Linux – How to tar directory and then remove originals including the directory

linuxtar

I'm trying to tar a collection of files in a directory called 'my_directory' and remove the originals by using the command:

tar -cvf files.tar my_directory --remove-files

However it is only removing the individual files inside the directory and not the directory itself (which is what I specified in the command). What am I missing here?

EDIT:

Yes, I suppose the 'remove-files' option is fairly literal. Although I too found the man page unclear on that point. (In linux I tend not to really distinguish much between directories and files that much, and forget sometimes that they are not the same thing). It looks like the consensus is that it doesn't remove directories.

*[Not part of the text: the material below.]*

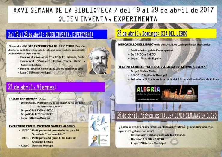 Entre las múltiples actividades previstas para estos día se encuentran la visita de los alumnos de Primaria de todos los centros educativos al Museo Experimental de Julio Verne para descubrir el universo fantástico del autor a través de divertidísimos experimentos o el encuentro con el escritor Samuel Alonso. También participarán en esta semana los usuarios del Centro Ocupacional “Picazuelo”, los residentes del centro “Carpe Diem” y de la residencia “Ntra. Sra. de las Mercedes” y los distintos Clubes de Lectura de la Biblioteca Municipal.

However, my major prompting point for asking this question stems from tar's handling of absolute paths. Because you must specify a relative path to a file/s to be compressed, you therefore must change to the parent directory to tar it properly. As I see it using any kind of follow-on 'rm' command is potentially dangerous in that situation. Thus I was hoping to simplify things by making tar itself do the remove.

For example, imagine a backup script where the directory to backup (ie. tar) is included as a shell variable. If that shell variable value was badly entered, it is possible that the result could be deleted files from whatever directory you happened to be in last.

Best Answer

You are missing the part which says the --remove-files option removes files after adding them to the archive.

You could follow the archive and file-removal operation with a command like,

find /path/to/be/archived/ -depth -type d -empty -exec rmdir {} \;


Update: You may be interested in reading this short Debian discussion on,
Bug 424692: --remove-files complains that directories "changed as we read it".